MOSCOW, January 29 (Sputnik) — Austrian oil and gas company OMV is reducing its annual investments by $0.9-1.4 billion in 2015-2017 amid falling oil prices, the company announced in a press release Thursday.
The investment volumes will be reduced to $2.5-3 billion from a projected $3.9 billion, according to the statement.
"We are prepared to make further reductions to our investment program, if required. Our solid financing structure and comfortable liquidity position means that we are well-equipped for the future," Davies said.
Davies added that the company's production growth will slow due to the stalling of several projects. The previous target of 400,000 barrels of oil equivalent per day, projected for 2016, will not be reached.
Earlier on Thursday, Anglo-Dutch oil company Shell announced it would cut spending by $15 billion over the next three years.
Several other energy giants, including Premier Oil, Tullow Oil and BP, have also been cutting their expenses by putting new projects on hold and laying off hundreds of workers.

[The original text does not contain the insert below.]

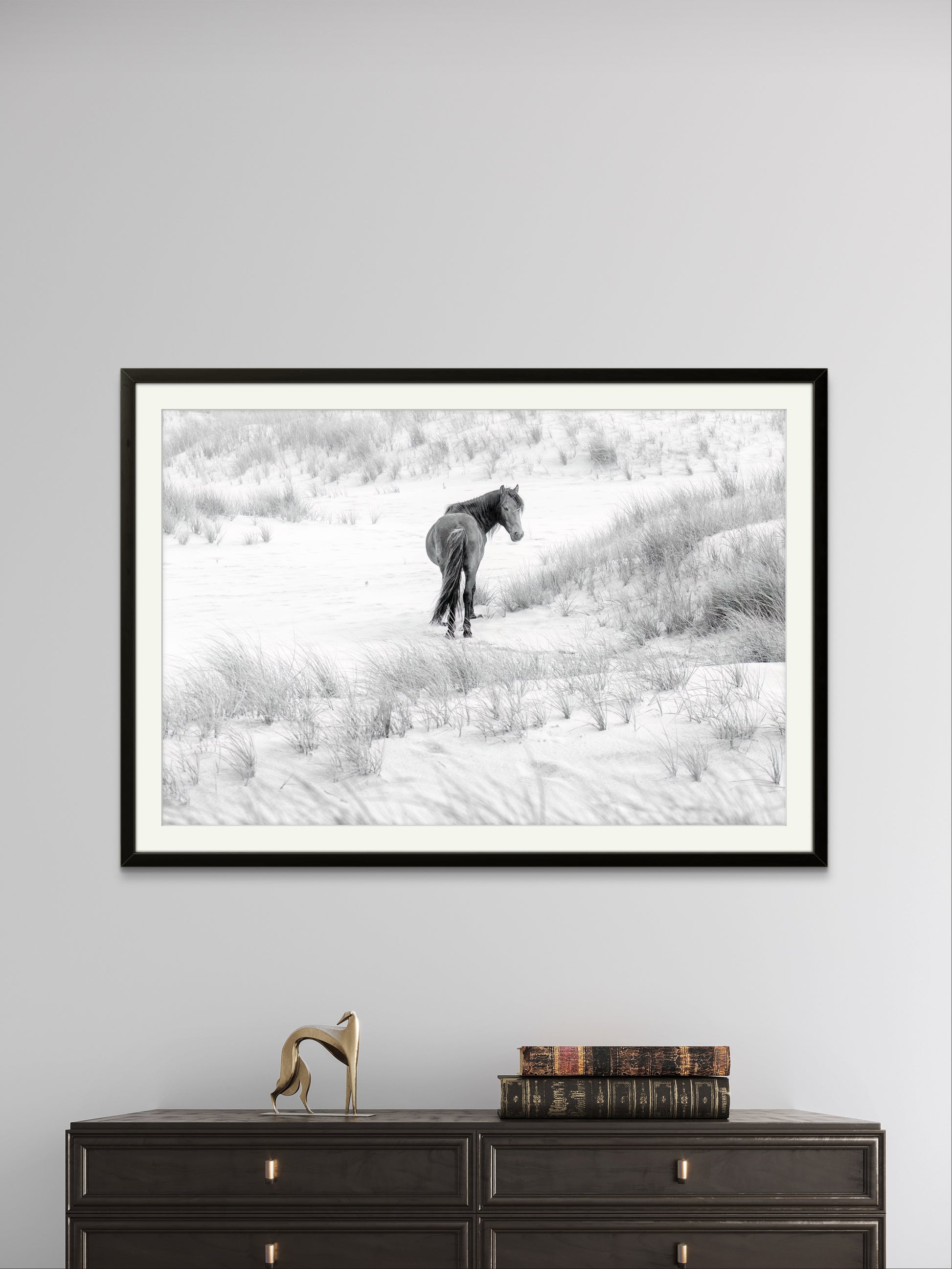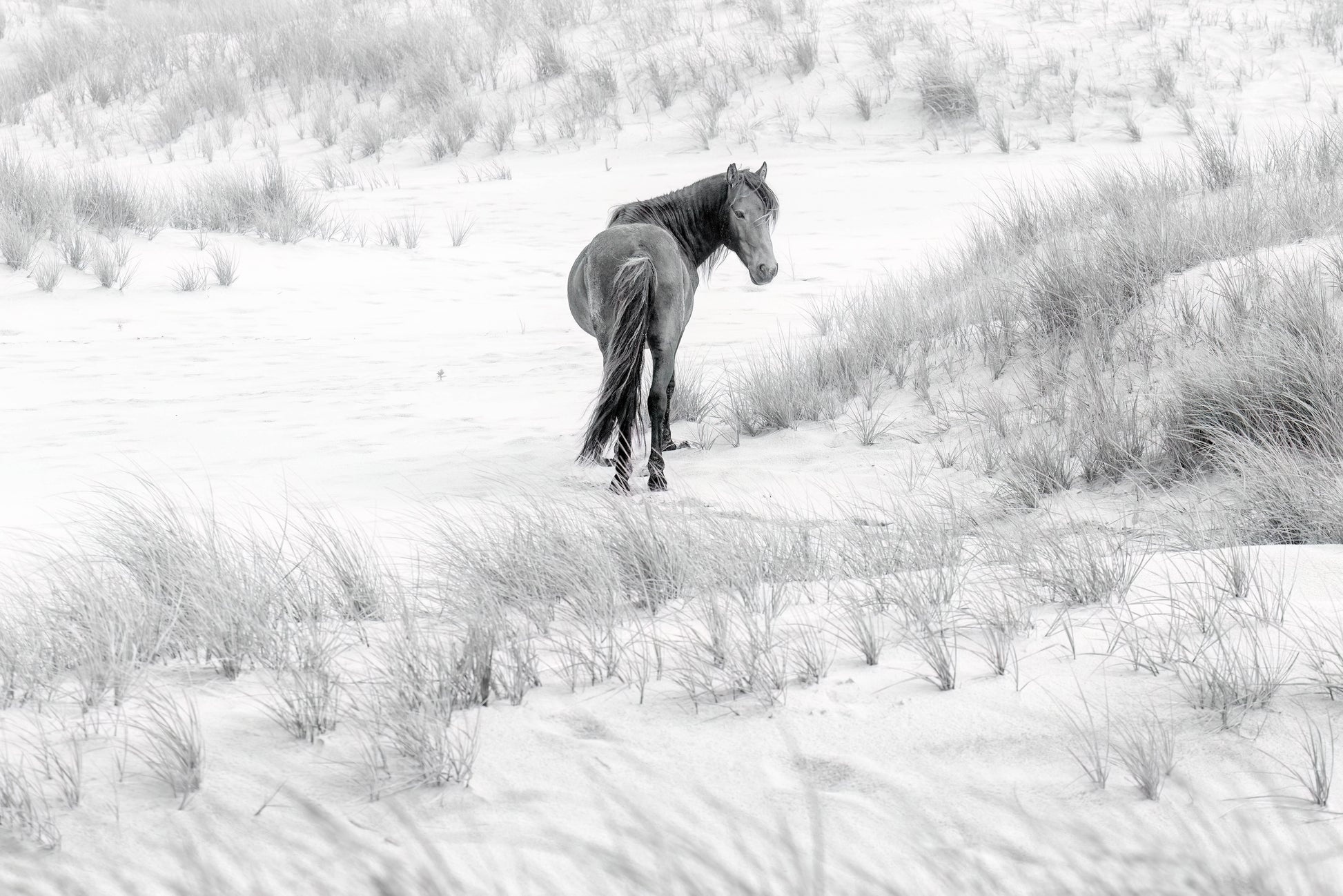 A lone Sable Island horse stands gracefully amidst the windswept dunes, gazing back with a quiet, contemplative expression. The delicate grasses frame the scene, creating a soft, frosted effect that evokes a sense of solitude and timelessness. The gentle curves of the landscape and the horse’s poised stance together capture the resilience and understated beauty of this wild environment.

Earlier in January, the world's largest oil service company, Schlumberger, announced that it would cut 9,000 jobs.
During a November 2014 meeting, the Organization of the Petroleum Exporting Countries (OPEC) announced it would not cut oil production levels to stabilize prices. Global repercussions from this decision included rapidly falling prices, an oil supply glut and little hope for prices to rise in the near future.